_Recorded information:_
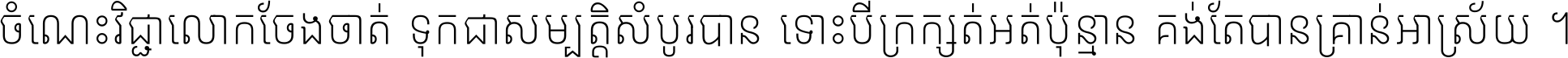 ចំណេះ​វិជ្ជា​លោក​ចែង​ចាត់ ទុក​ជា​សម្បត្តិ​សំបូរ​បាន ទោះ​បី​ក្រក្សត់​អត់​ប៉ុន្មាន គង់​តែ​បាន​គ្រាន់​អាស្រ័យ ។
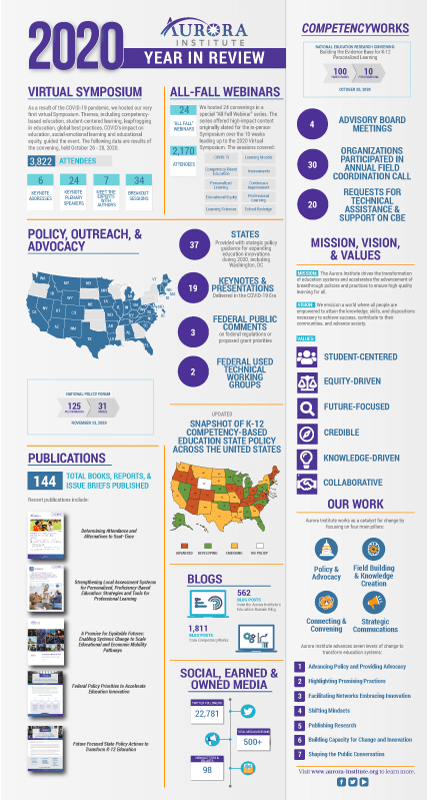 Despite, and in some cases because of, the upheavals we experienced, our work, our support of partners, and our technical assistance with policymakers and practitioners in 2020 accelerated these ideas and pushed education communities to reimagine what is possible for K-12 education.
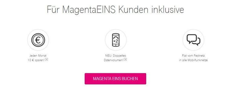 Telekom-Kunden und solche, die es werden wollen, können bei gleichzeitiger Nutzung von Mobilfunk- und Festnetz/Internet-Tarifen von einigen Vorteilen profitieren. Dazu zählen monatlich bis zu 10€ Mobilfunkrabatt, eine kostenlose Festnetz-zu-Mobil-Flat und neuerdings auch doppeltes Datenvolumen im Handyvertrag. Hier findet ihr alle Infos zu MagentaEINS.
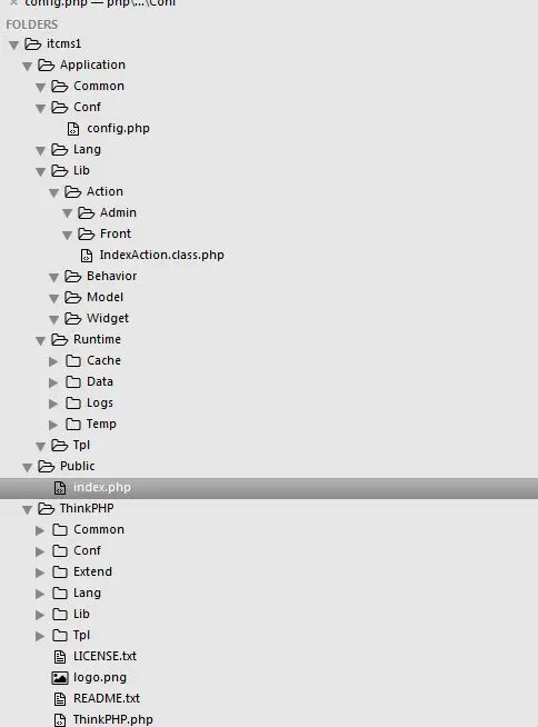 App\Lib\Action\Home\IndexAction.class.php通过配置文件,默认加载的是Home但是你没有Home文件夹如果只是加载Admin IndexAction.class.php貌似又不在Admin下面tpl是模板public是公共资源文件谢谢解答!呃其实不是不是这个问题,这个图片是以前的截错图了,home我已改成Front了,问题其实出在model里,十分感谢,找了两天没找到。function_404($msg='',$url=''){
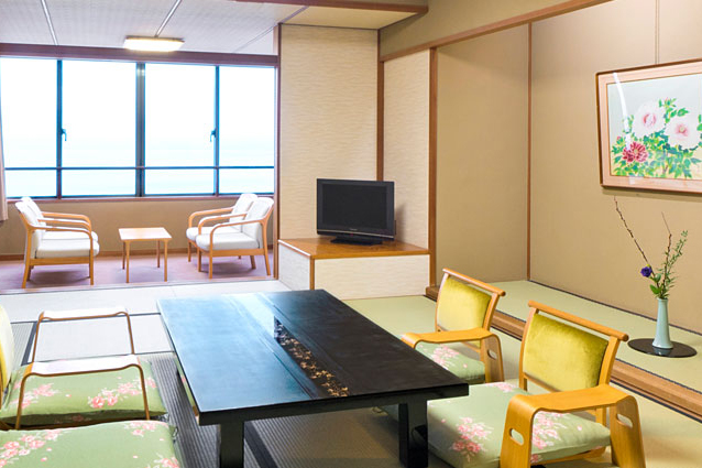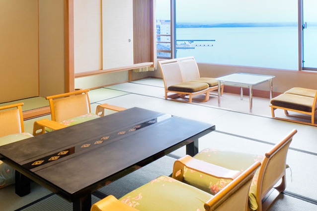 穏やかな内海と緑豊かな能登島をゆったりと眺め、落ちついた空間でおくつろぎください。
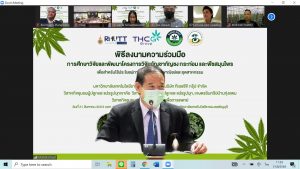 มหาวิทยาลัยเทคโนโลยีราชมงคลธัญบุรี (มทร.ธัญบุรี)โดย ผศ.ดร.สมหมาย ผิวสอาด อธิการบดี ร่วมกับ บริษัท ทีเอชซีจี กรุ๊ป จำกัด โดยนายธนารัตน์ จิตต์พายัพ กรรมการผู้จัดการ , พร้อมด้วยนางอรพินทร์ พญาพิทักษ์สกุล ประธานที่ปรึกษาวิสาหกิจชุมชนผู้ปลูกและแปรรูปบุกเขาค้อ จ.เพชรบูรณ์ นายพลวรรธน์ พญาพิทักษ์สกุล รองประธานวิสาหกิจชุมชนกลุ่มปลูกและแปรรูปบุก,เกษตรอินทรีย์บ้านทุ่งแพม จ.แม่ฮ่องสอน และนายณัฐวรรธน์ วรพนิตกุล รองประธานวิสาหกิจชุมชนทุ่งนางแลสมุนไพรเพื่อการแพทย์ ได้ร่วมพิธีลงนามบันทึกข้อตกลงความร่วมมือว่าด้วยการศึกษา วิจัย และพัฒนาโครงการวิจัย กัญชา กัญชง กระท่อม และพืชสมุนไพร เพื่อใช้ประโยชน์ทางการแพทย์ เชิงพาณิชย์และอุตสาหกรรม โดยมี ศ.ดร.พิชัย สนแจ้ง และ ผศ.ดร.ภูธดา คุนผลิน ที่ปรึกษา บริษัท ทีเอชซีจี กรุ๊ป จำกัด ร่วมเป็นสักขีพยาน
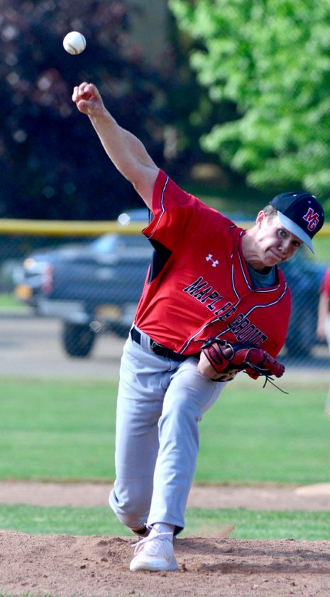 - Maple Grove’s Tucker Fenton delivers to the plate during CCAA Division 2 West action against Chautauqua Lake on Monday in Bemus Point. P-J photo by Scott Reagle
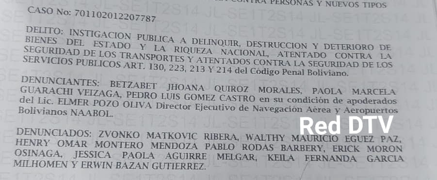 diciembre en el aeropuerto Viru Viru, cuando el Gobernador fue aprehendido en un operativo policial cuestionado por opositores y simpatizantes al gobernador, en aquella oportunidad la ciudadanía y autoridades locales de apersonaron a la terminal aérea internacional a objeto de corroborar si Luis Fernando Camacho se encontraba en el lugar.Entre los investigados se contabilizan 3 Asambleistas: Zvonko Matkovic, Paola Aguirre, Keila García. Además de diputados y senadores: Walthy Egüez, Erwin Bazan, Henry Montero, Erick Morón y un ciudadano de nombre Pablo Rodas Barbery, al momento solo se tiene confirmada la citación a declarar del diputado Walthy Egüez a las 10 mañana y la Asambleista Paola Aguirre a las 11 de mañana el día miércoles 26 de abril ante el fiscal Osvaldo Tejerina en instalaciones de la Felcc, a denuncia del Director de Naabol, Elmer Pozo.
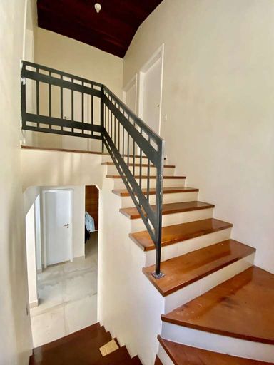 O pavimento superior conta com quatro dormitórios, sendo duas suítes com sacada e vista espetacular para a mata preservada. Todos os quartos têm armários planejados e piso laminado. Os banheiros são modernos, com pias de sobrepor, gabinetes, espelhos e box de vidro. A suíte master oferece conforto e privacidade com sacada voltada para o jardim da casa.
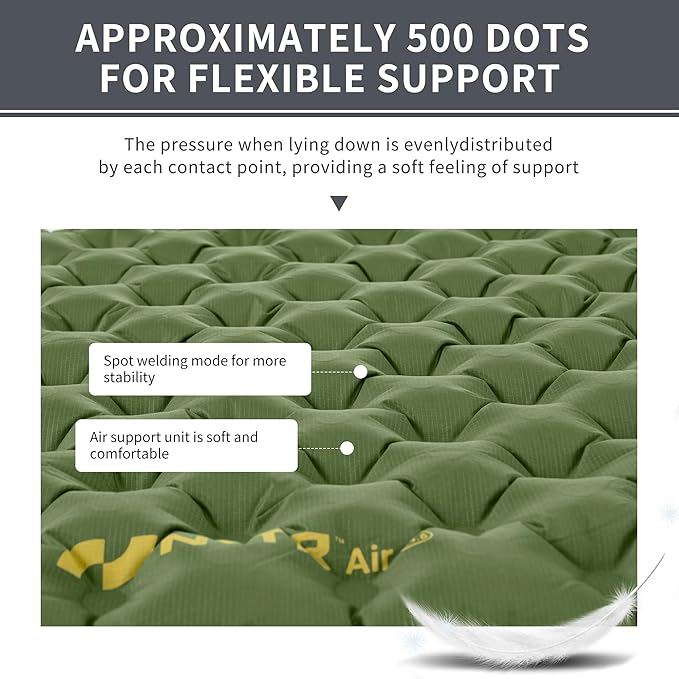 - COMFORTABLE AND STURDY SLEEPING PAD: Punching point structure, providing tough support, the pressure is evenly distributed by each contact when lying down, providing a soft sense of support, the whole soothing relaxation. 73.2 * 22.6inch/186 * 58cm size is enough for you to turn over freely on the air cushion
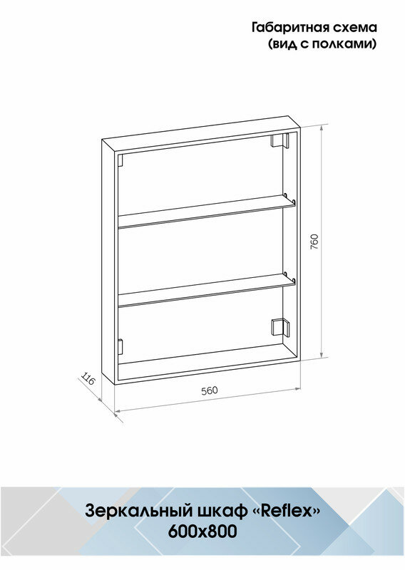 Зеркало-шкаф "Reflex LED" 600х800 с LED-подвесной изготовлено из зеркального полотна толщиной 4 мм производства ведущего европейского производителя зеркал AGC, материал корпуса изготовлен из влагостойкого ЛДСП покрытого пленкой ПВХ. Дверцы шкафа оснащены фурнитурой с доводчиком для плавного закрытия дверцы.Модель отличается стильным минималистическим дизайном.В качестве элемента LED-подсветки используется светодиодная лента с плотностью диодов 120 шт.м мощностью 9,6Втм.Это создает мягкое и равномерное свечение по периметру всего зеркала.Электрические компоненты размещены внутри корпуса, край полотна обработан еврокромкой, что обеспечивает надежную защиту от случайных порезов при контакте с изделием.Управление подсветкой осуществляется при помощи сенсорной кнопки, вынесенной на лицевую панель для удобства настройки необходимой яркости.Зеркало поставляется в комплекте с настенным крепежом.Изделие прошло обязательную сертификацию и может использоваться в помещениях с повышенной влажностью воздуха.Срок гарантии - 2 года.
---
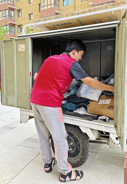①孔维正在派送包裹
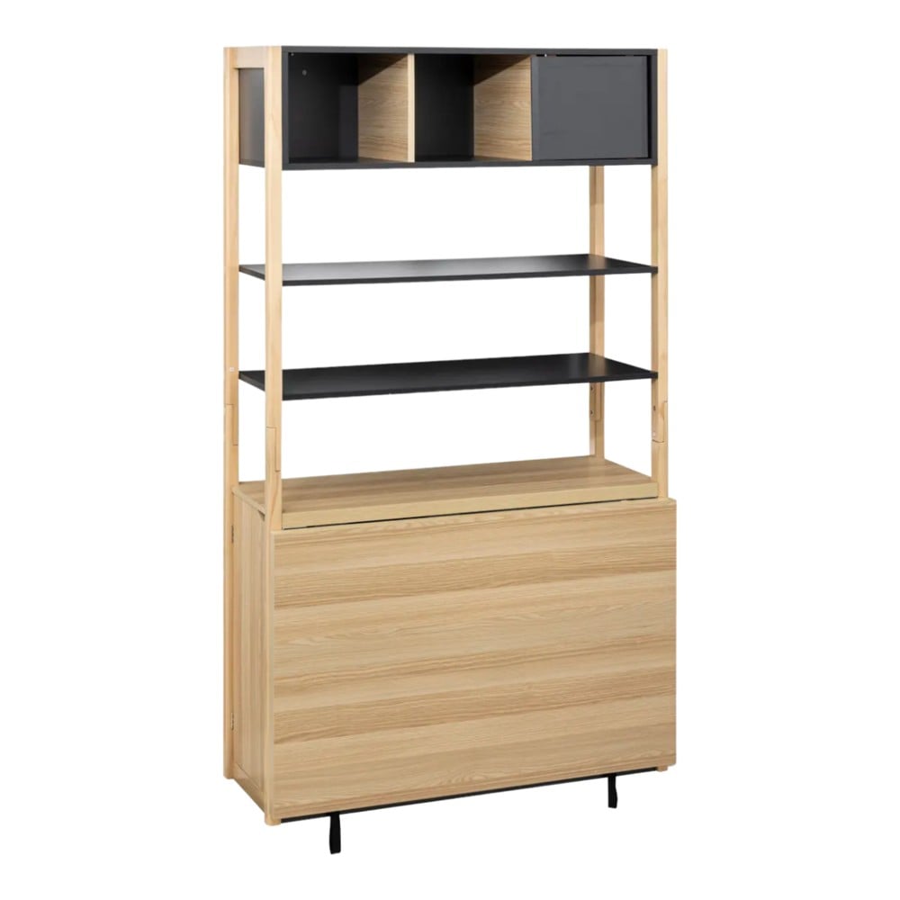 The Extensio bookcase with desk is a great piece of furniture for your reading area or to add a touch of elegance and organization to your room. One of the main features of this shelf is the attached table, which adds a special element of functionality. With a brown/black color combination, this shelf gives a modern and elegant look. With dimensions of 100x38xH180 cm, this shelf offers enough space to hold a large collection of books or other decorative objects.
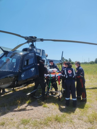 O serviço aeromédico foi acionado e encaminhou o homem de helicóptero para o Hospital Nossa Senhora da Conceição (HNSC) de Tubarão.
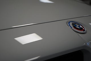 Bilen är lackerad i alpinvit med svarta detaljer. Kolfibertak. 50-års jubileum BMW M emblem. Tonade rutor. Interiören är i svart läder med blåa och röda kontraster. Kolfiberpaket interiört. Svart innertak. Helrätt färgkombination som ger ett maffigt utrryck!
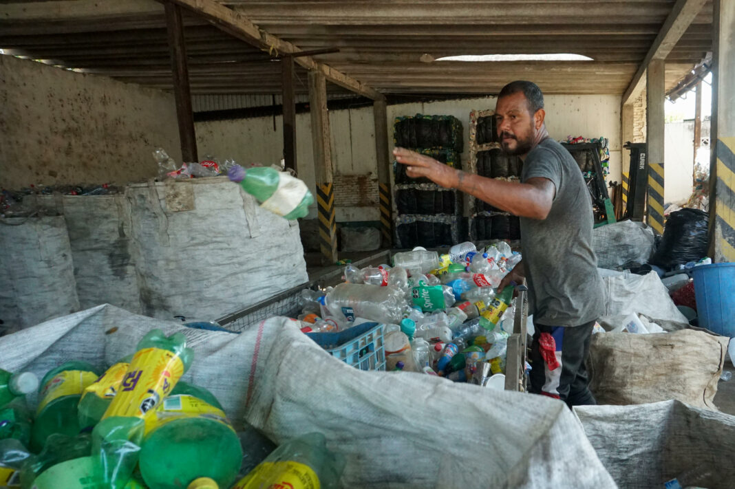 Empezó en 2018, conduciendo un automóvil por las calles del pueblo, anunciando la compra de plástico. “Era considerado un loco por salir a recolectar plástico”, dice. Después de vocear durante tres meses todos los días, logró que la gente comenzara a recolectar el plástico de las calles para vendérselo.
==
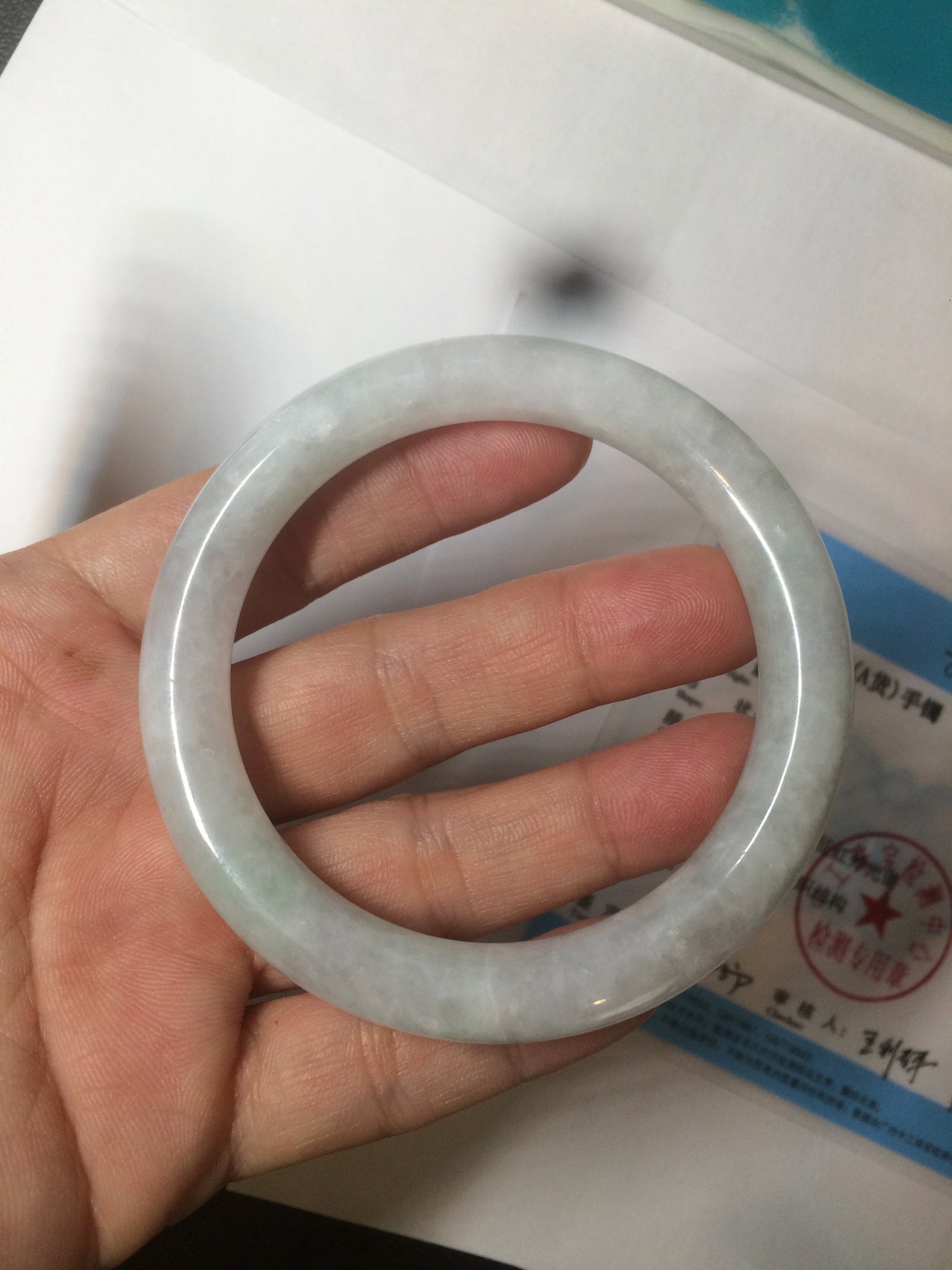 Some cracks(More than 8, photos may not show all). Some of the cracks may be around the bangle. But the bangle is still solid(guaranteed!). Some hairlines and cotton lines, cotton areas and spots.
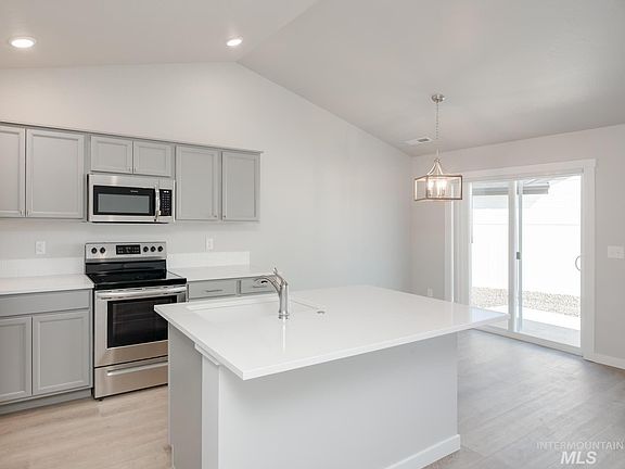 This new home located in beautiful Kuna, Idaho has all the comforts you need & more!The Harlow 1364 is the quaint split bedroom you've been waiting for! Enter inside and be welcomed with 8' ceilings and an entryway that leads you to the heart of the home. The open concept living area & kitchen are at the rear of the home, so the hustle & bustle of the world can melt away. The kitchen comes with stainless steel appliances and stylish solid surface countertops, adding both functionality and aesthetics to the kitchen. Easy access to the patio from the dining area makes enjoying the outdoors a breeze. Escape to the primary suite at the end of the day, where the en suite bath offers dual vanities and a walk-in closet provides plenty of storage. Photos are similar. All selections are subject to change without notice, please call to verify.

_Assignment:_ Could you repeat, exactly, only the lines above starting at the one that has "Some cracks(More than" and stopping after the one that has "This new home", without the pictures?

_Written solution:_
 Some cracks(More than 8, photos may not show all). Some of the cracks may be around the bangle. But the bangle is still solid(guaranteed!). Some hairlines and cotton lines, cotton areas and spots.
 This new home located in beautiful Kuna, Idaho has all the comforts you need & more!The Harlow 1364 is the quaint split bedroom you've been waiting for! Enter inside and be welcomed with 8' ceilings and an entryway that leads you to the heart of the home. The open concept living area & kitchen are at the rear of the home, so the hustle & bustle of the world can melt away. The kitchen comes with stainless steel appliances and stylish solid surface countertops, adding both functionality and aesthetics to the kitchen. Easy access to the patio from the dining area makes enjoying the outdoors a breeze. Escape to the primary suite at the end of the day, where the en suite bath offers dual vanities and a walk-in closet provides plenty of storage. Photos are similar. All selections are subject to change without notice, please call to verify.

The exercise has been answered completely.